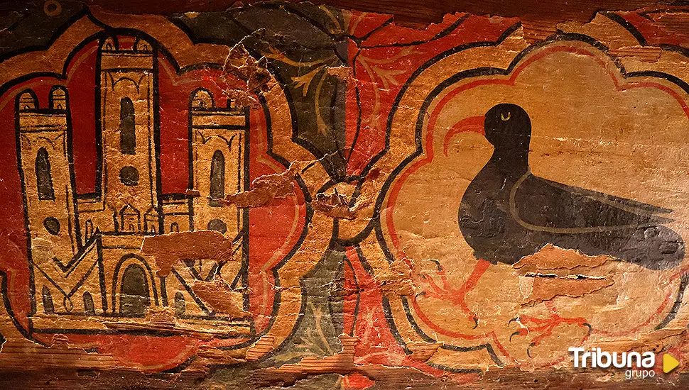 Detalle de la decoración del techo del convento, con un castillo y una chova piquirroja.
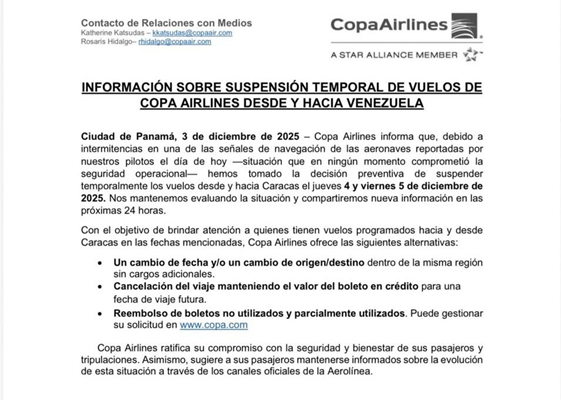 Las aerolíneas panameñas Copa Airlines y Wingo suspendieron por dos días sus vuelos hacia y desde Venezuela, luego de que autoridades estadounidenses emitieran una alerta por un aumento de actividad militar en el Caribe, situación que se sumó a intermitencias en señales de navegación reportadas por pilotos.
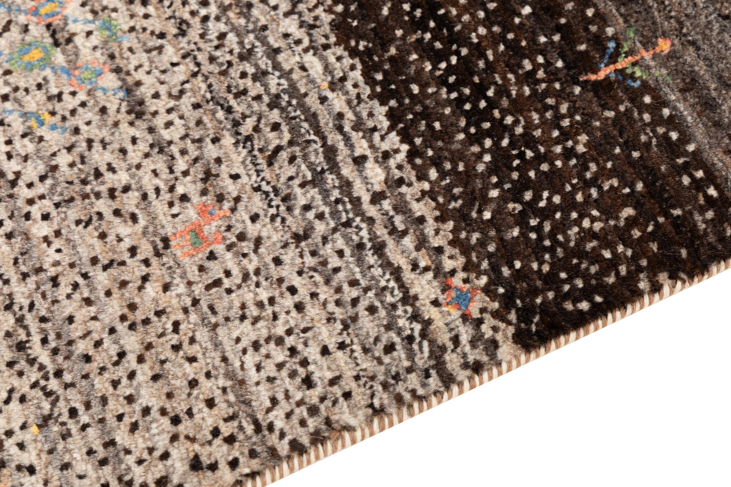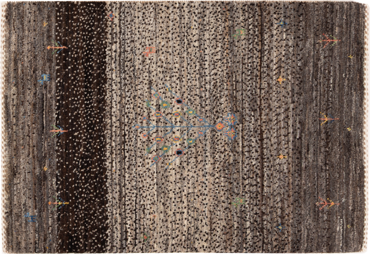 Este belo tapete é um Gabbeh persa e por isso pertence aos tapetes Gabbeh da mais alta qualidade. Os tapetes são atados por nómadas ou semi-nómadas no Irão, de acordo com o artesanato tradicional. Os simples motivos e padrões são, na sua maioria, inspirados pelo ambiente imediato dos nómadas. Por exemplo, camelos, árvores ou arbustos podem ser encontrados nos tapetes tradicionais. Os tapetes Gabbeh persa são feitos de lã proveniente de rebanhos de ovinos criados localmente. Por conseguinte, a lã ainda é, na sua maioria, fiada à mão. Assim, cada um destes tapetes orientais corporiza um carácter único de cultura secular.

==

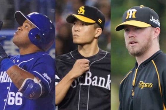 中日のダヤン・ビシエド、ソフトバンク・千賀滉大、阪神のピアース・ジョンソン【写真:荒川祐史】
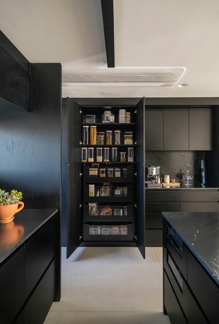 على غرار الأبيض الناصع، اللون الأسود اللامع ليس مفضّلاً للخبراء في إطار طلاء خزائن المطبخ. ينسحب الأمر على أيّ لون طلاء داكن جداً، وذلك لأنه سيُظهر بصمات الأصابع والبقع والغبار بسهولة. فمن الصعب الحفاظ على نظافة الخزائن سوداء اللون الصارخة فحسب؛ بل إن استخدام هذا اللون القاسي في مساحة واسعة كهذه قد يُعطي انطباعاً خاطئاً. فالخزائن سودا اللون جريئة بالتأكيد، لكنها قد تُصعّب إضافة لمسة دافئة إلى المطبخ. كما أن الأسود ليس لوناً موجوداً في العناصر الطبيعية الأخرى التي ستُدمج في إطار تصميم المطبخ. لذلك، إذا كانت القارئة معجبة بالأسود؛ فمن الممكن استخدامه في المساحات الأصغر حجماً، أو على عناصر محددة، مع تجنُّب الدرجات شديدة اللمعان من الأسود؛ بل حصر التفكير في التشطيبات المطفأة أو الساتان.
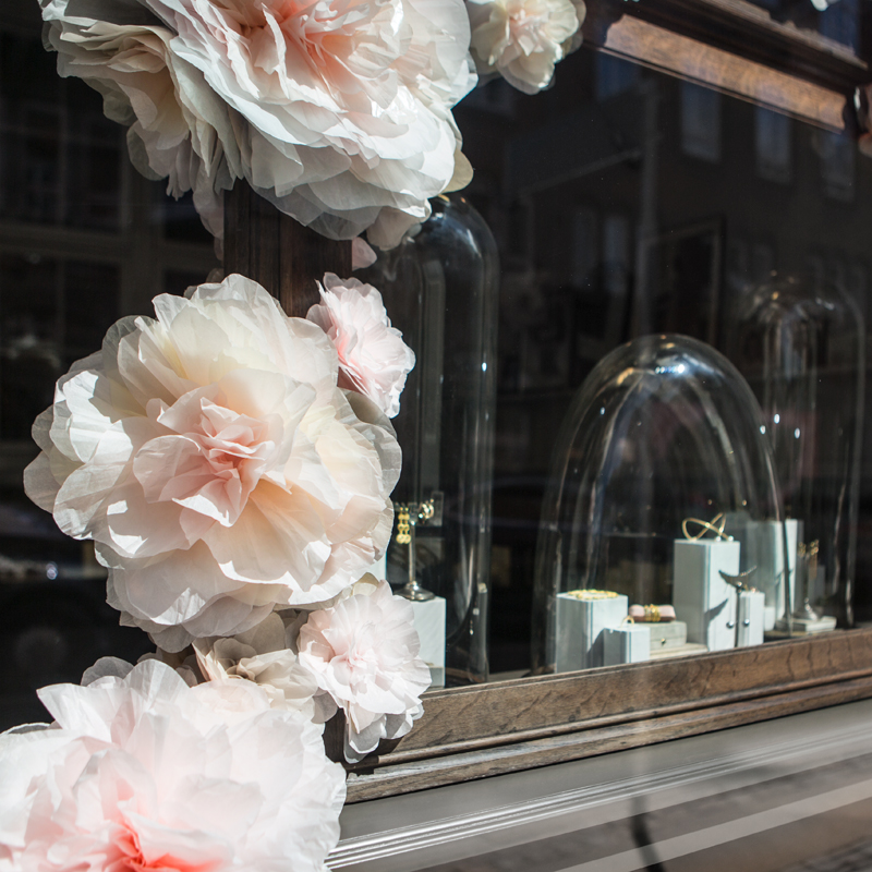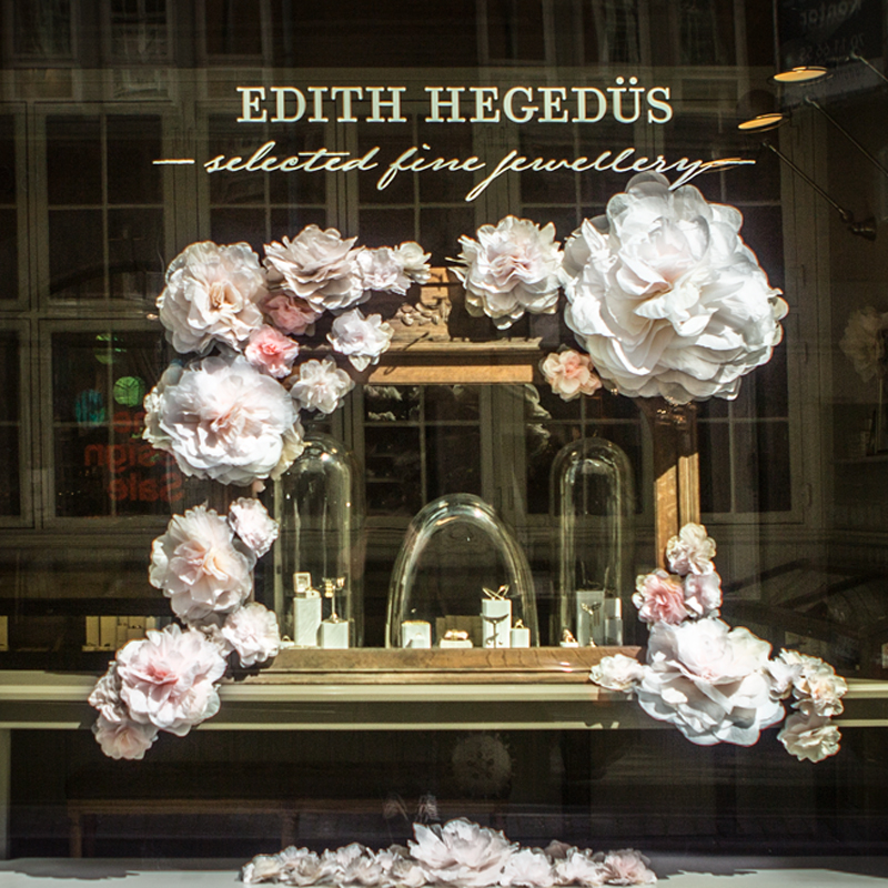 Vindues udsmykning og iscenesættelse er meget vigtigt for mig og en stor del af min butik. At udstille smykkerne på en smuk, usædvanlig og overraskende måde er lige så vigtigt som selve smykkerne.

WHAT IS REQUIRED: Starting at the line that contains "على غرار الأبيض" and ending at the line that contains "Vindues udsmykning og", transcribe the material above exactly, excluding pictures.

THE COMPLETED TASK:
 على غرار الأبيض الناصع، اللون الأسود اللامع ليس مفضّلاً للخبراء في إطار طلاء خزائن المطبخ. ينسحب الأمر على أيّ لون طلاء داكن جداً، وذلك لأنه سيُظهر بصمات الأصابع والبقع والغبار بسهولة. فمن الصعب الحفاظ على نظافة الخزائن سوداء اللون الصارخة فحسب؛ بل إن استخدام هذا اللون القاسي في مساحة واسعة كهذه قد يُعطي انطباعاً خاطئاً. فالخزائن سودا اللون جريئة بالتأكيد، لكنها قد تُصعّب إضافة لمسة دافئة إلى المطبخ. كما أن الأسود ليس لوناً موجوداً في العناصر الطبيعية الأخرى التي ستُدمج في إطار تصميم المطبخ. لذلك، إذا كانت القارئة معجبة بالأسود؛ فمن الممكن استخدامه في المساحات الأصغر حجماً، أو على عناصر محددة، مع تجنُّب الدرجات شديدة اللمعان من الأسود؛ بل حصر التفكير في التشطيبات المطفأة أو الساتان.
 Vindues udsmykning og iscenesættelse er meget vigtigt for mig og en stor del af min butik. At udstille smykkerne på en smuk, usædvanlig og overraskende måde er lige så vigtigt som selve smykkerne.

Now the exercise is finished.